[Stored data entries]
--- START ---

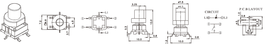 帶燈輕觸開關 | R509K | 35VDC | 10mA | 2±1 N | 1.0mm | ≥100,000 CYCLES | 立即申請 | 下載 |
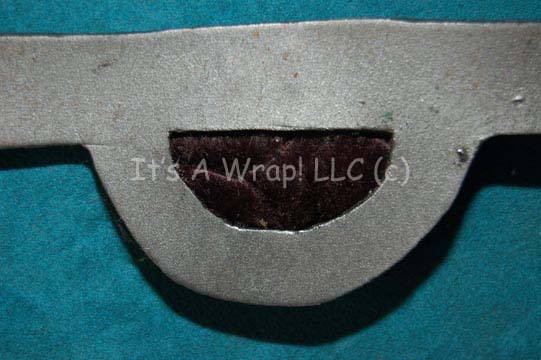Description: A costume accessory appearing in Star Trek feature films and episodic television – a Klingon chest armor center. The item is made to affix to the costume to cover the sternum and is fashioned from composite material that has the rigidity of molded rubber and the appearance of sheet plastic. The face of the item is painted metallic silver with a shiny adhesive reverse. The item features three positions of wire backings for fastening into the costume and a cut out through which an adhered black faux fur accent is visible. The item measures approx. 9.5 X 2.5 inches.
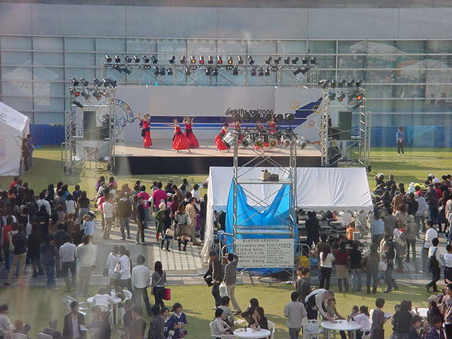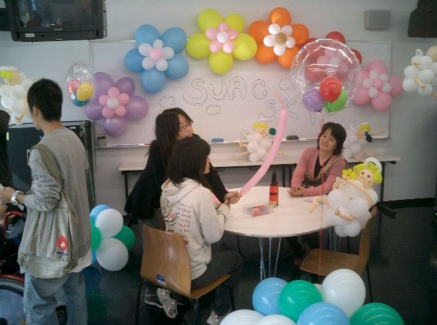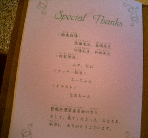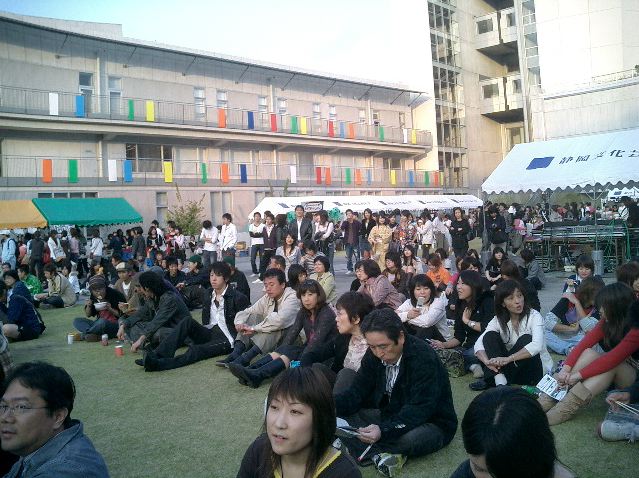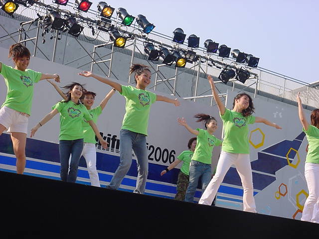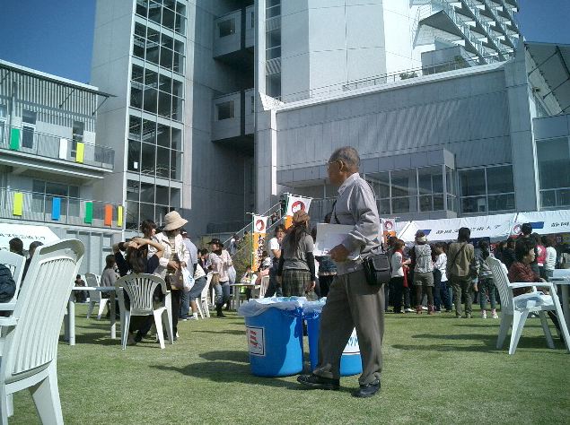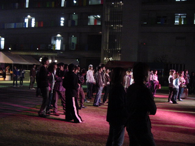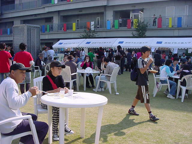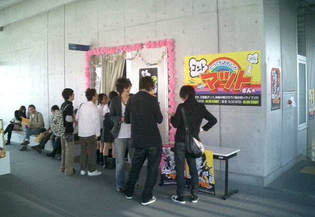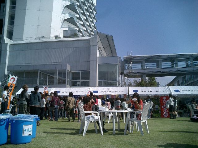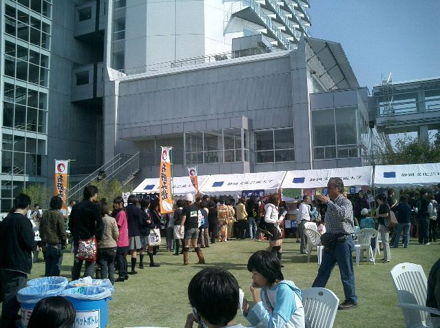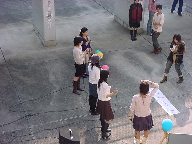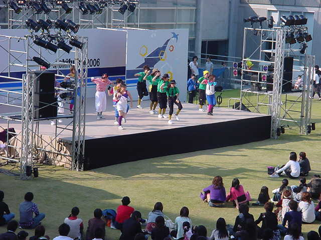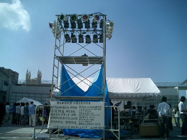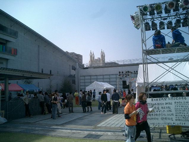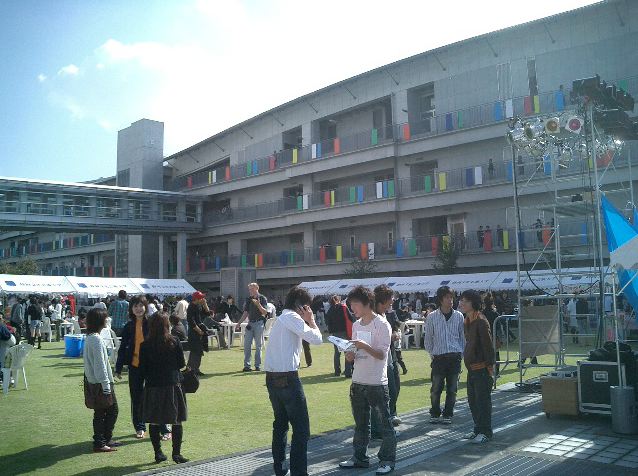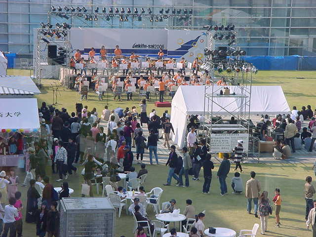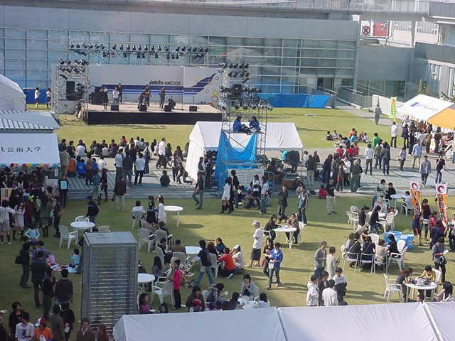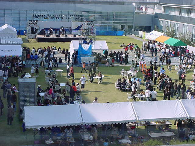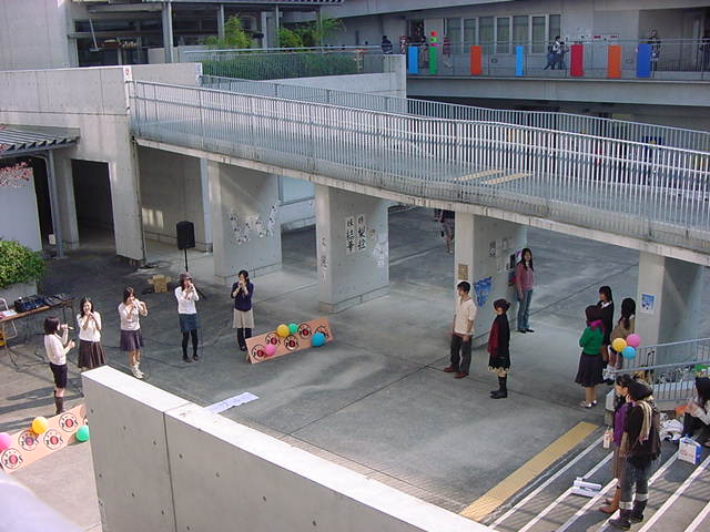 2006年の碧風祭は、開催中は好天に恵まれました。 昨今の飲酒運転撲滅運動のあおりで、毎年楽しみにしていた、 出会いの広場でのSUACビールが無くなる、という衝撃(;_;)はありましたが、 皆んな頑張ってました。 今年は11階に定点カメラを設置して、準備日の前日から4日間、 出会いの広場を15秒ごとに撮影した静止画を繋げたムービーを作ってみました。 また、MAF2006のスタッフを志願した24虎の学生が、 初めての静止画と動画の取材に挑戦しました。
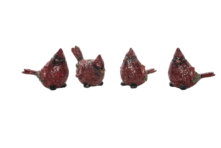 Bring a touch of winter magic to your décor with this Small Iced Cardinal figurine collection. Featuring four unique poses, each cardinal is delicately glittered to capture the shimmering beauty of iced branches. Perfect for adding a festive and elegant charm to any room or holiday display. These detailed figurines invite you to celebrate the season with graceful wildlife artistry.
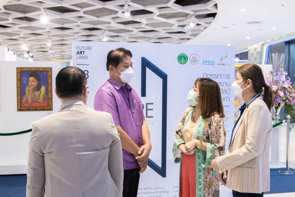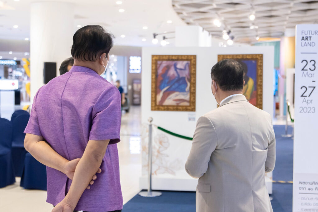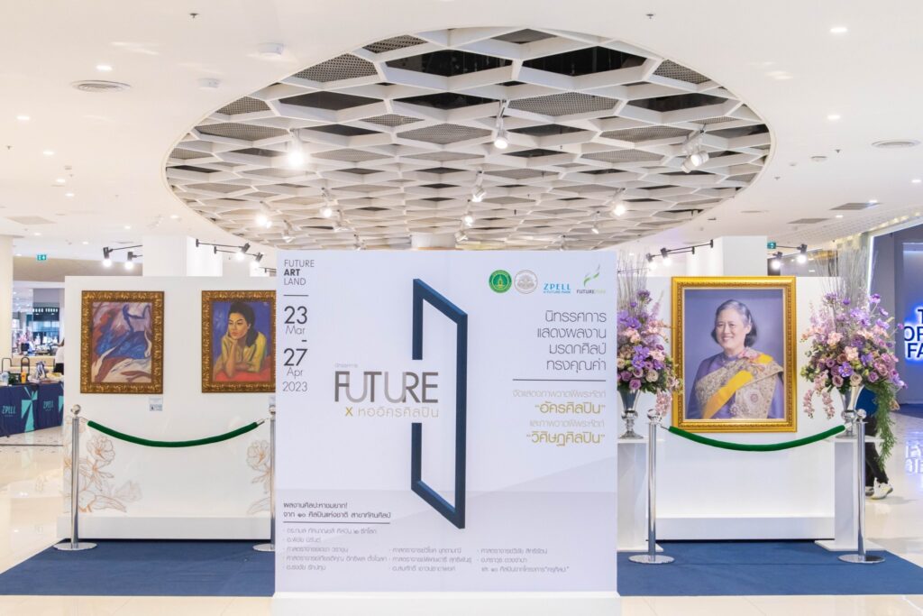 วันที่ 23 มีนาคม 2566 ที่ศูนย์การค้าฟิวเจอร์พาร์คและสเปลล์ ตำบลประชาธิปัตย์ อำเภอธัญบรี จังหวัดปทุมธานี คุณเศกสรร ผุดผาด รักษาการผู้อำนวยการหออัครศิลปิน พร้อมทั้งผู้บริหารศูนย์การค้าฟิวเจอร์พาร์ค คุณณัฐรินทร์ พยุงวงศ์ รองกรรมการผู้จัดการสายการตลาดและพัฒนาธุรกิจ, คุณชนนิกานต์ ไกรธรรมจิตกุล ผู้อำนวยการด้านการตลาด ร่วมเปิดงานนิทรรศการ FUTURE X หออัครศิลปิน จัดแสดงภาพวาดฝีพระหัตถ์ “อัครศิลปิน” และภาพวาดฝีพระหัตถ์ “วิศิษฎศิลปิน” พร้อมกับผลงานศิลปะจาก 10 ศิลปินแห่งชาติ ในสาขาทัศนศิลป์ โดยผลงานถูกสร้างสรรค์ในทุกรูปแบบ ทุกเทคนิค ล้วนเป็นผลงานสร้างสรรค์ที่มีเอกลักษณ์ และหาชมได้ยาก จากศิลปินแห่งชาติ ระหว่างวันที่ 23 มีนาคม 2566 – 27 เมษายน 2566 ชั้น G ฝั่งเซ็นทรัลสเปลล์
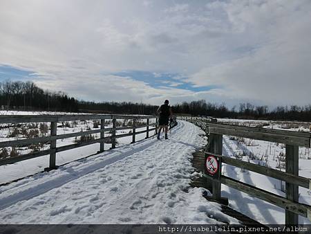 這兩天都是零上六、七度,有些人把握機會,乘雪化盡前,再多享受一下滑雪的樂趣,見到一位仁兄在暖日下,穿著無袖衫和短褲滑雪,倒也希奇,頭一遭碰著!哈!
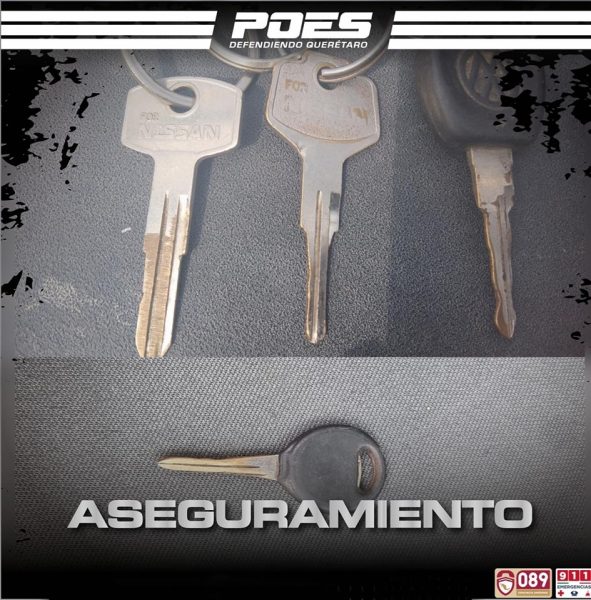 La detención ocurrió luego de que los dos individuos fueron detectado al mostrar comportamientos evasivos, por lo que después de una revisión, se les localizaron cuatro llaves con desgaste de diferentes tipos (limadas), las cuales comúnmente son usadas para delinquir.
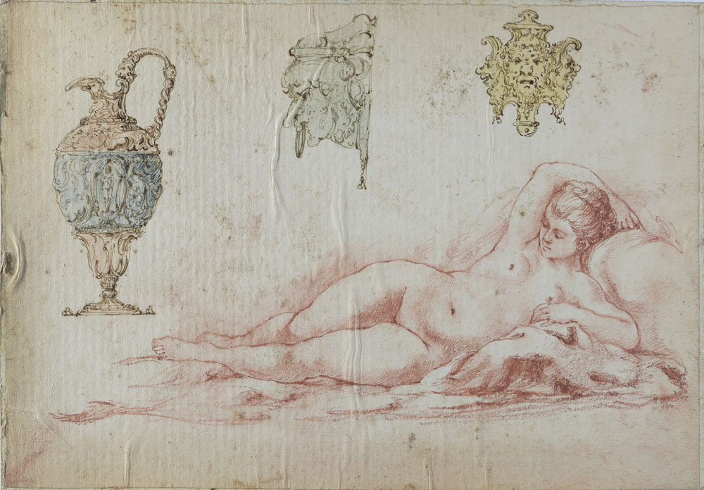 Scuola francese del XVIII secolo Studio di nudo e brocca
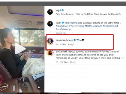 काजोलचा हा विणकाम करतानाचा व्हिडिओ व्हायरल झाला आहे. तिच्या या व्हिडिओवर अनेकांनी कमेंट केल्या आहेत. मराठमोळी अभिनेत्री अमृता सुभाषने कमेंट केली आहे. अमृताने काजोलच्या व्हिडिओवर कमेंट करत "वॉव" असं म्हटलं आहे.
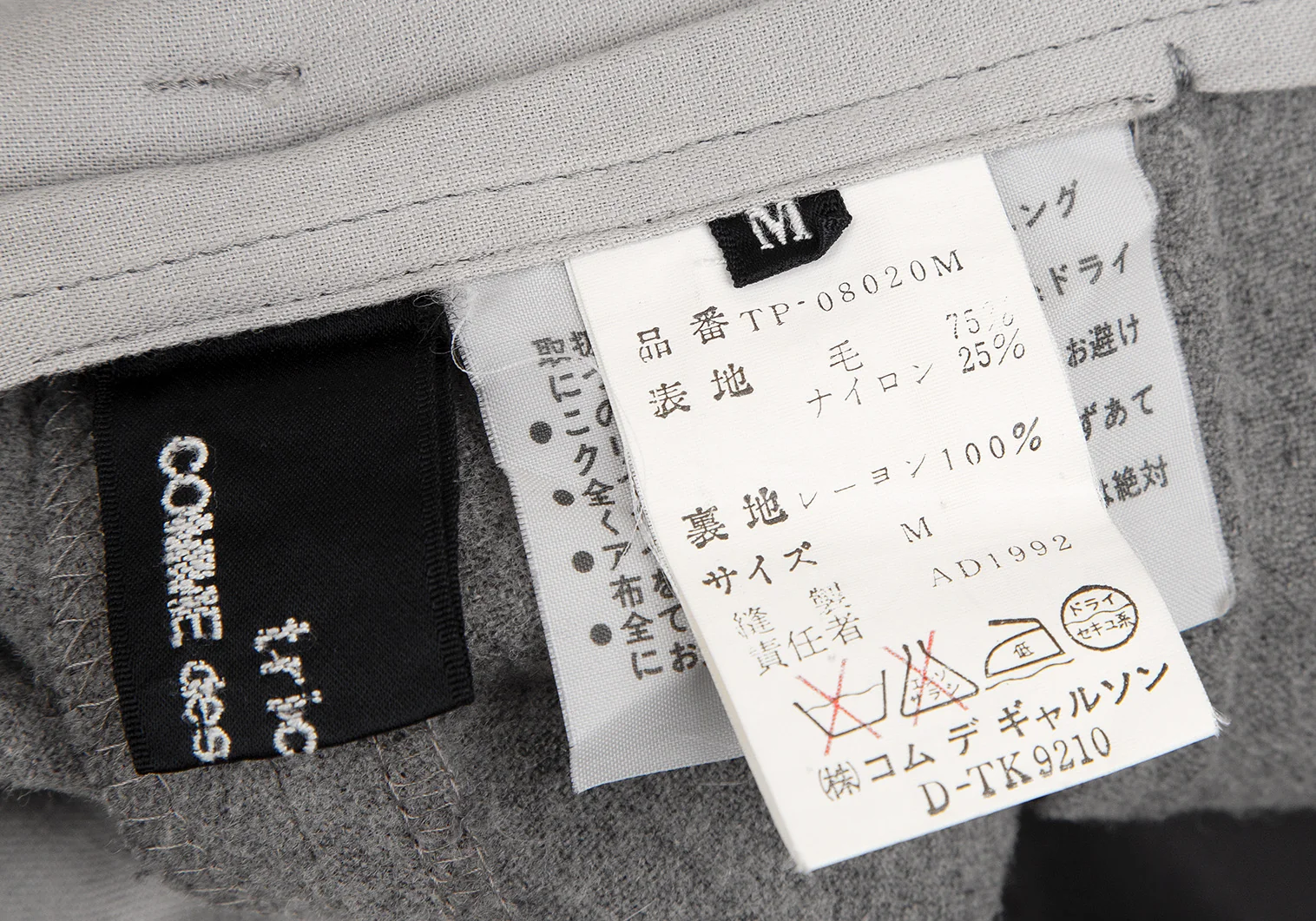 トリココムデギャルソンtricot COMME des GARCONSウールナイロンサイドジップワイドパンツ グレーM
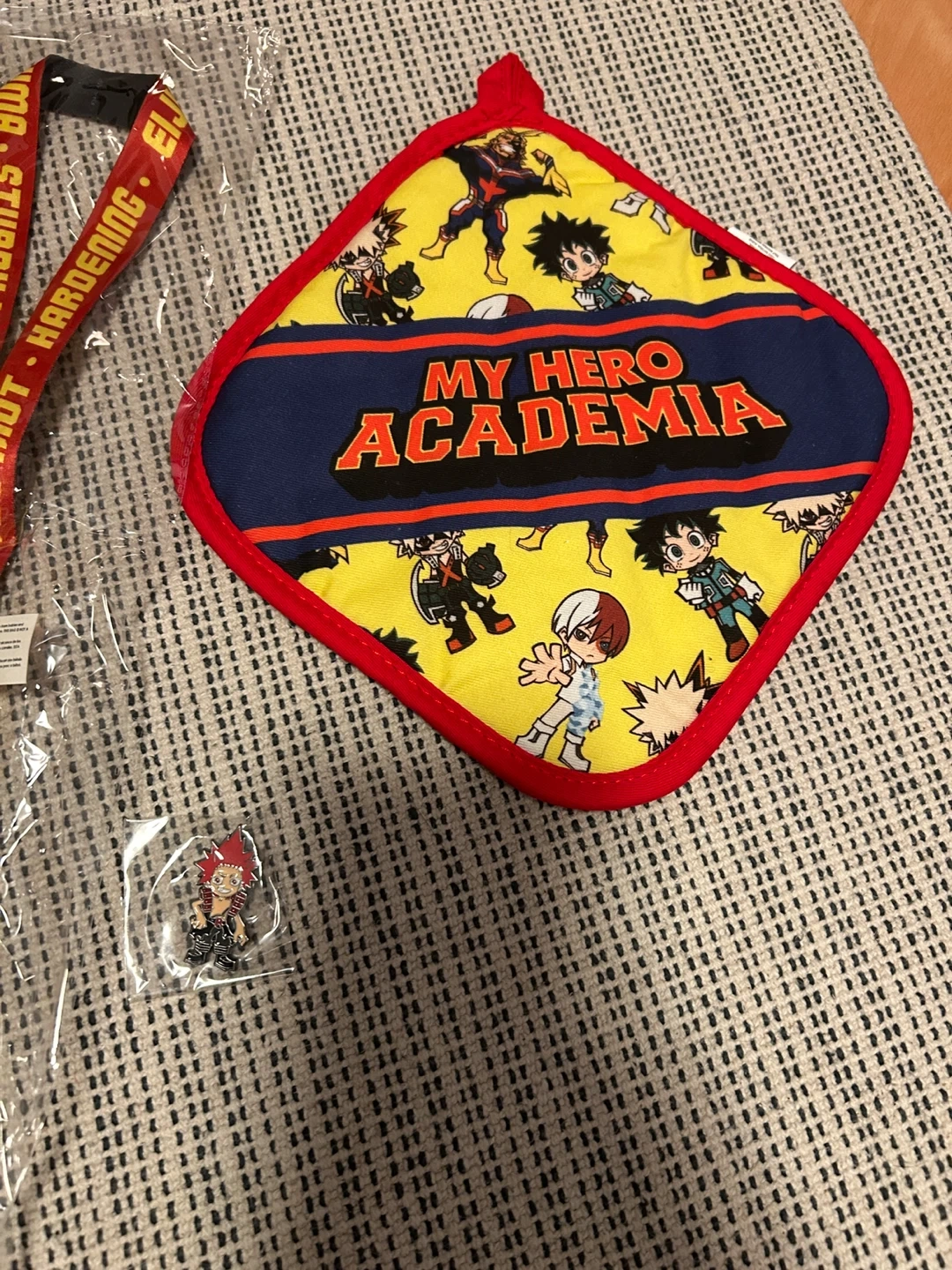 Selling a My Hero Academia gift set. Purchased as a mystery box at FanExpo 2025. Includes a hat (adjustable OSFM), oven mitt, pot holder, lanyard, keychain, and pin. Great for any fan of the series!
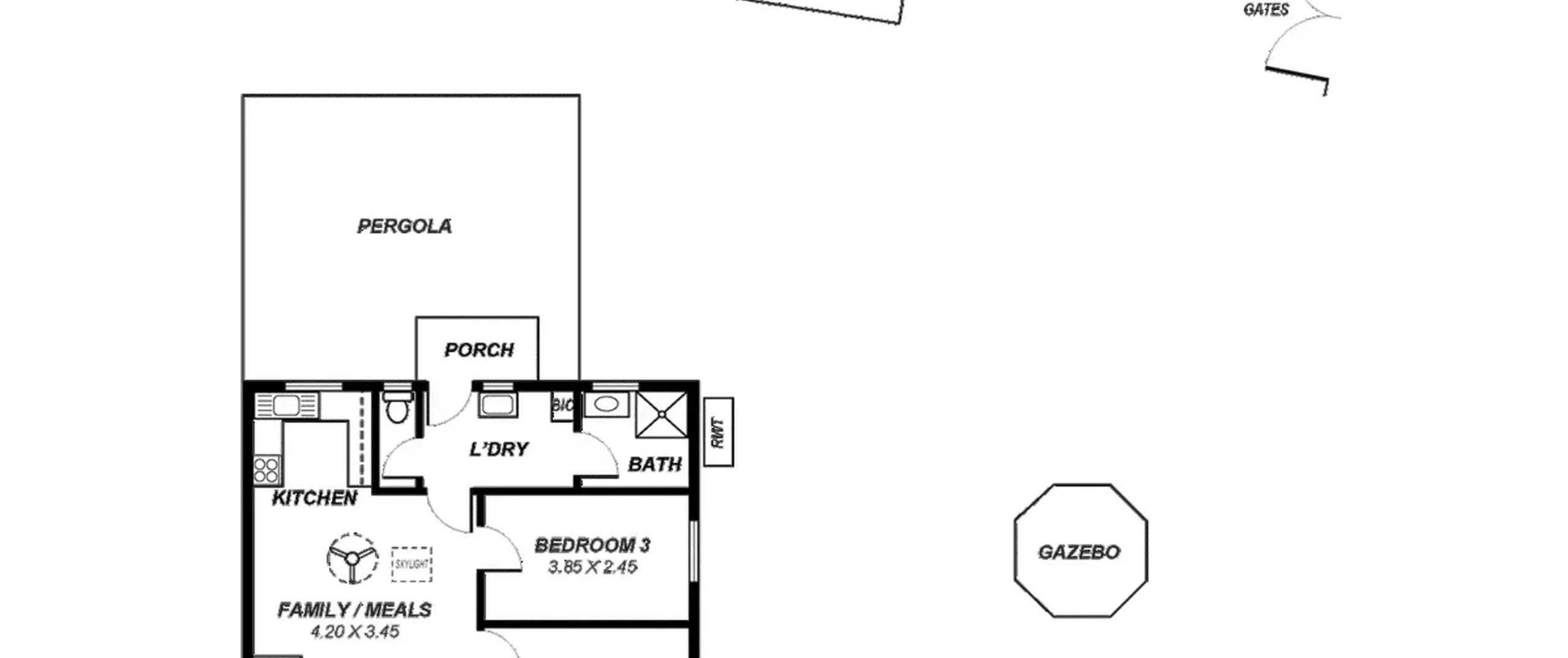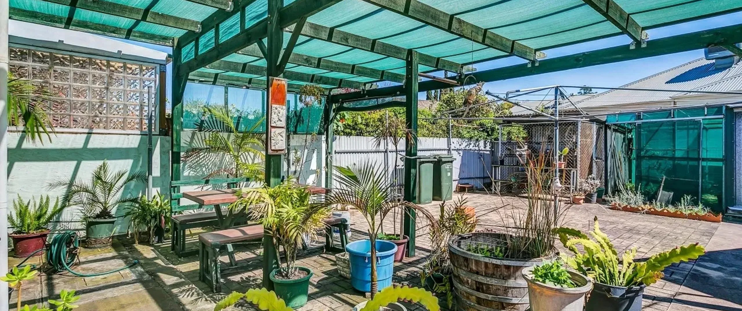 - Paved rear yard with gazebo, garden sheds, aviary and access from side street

--- END ---

**Task details**
Retype, without any picture, exactly the lines from the one with "トリココムデギャルソンtricot COMME des" through the end of the entries, inclusive.

**Answer box**
 トリココムデギャルソンtricot COMME des GARCONSウールナイロンサイドジップワイドパンツ グレーM
 Selling a My Hero Academia gift set. Purchased as a mystery box at FanExpo 2025. Includes a hat (adjustable OSFM), oven mitt, pot holder, lanyard, keychain, and pin. Great for any fan of the series!
 - Paved rear yard with gazebo, garden sheds, aviary and access from side street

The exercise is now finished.